# Cocker spaniels, stolen!



## Inthesticks (31 July 2011)

My father in law lives near Cirencester, just off the 429 near the horse and hound pub, he was doing his horses and his old spaniel bitch was in the garden/yard playing with his new 3 month old puppy cocker.

When he came back from turning the horse put they were gone

He did here someone crossing the cattle grid and has assumed they have taken them. He is desperate to find them both, the older bitch is black and is 14 although you wouldn't think so, he has had her the whole 14 years so is obviously distressed. Pup is golden and white.

I am sorry to come on here and ask for any help but I know there are loads of people in our area as I have lurked every day. 

I am not a judgemental person but my father in law had just been warned about some new travellers setting up camp not far away, but I am not sure who has done this.
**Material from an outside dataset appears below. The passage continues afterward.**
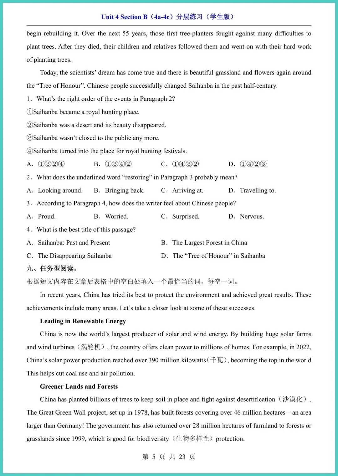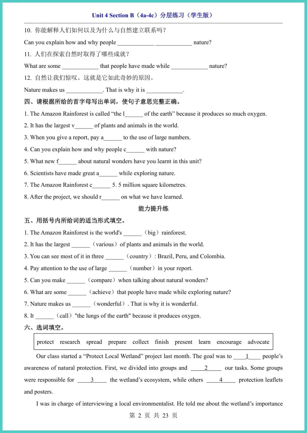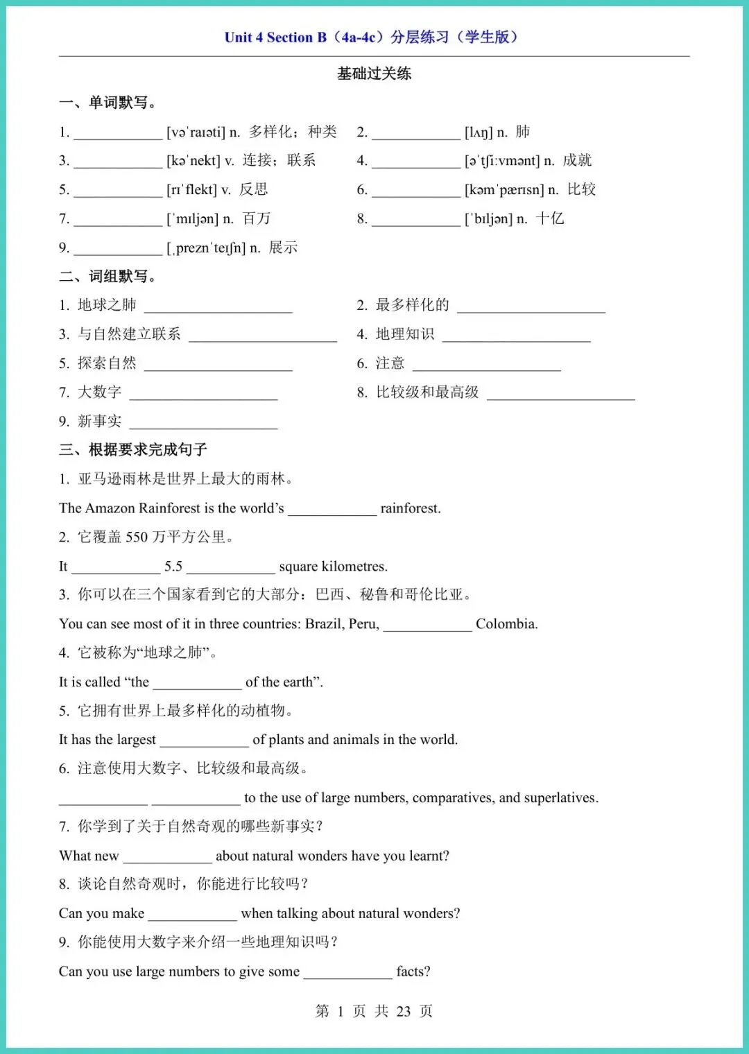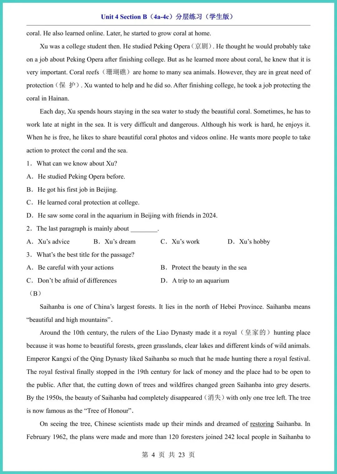 26年春人教版八年级下册英语Unit4 Section B(4a-4c)分层练习,整整23页干货,电子版直接打印!这套练习把词汇、句型、阅读、写作按基础—提升—冲刺三阶切好,孩子先做4a词汇填空打牢地基,再用4b阅读策略提速抓关键,最后4c写作模板句型升级,一条龙扶稳单元重难点。每题配答案与思路点拨,家长陪读不抓瞎,孩子自练也能秒懂错因。期末想守住阅读写作大分,这份分层练就是提分小马达!需要的家长快打印,今晚就能练起来!

All I know is we need to help find them.

If anyone gets offered these dogs please buy them and we will give you the money back, the 14 yo is not well and will be so upset ... Or pm us asap


----------



## Slinkyunicorn (31 July 2011)

Post this in All about Dogs - they will be able to tell you of the other lost dog websites etc worth reporting them to.

I hope they are both found safe and well and are back home soon - especially the older dog - my spaniel is 13 and he and I would both be so distressed if that happened to him


----------



## Inthesticks (31 July 2011)

Thank you, I have just done it, it's horrible when the old ones goes...they are stuck in there ways and cant imagine what's going to happen to her


----------



## cally6008 (1 August 2011)

link - www.doglost.co.uk

register and post on here, they will do posters for you and email members in your area


----------



## Inthesticks (1 August 2011)

Dogs founfd, dumped in a village miles away, relief and confusion but very happy.

Thanks so much for your help


----------



## spaniel (1 August 2011)

Thank goodness.  What a relief to get them home again.


----------



## cindydog (3 August 2011)

So glad you got both dogs back, the pain of losing an older dog you have had all its life, well to have it stolen at such an age when every day with your dog is special is very sad...they are back now I can see lots of cuddles going on..


----------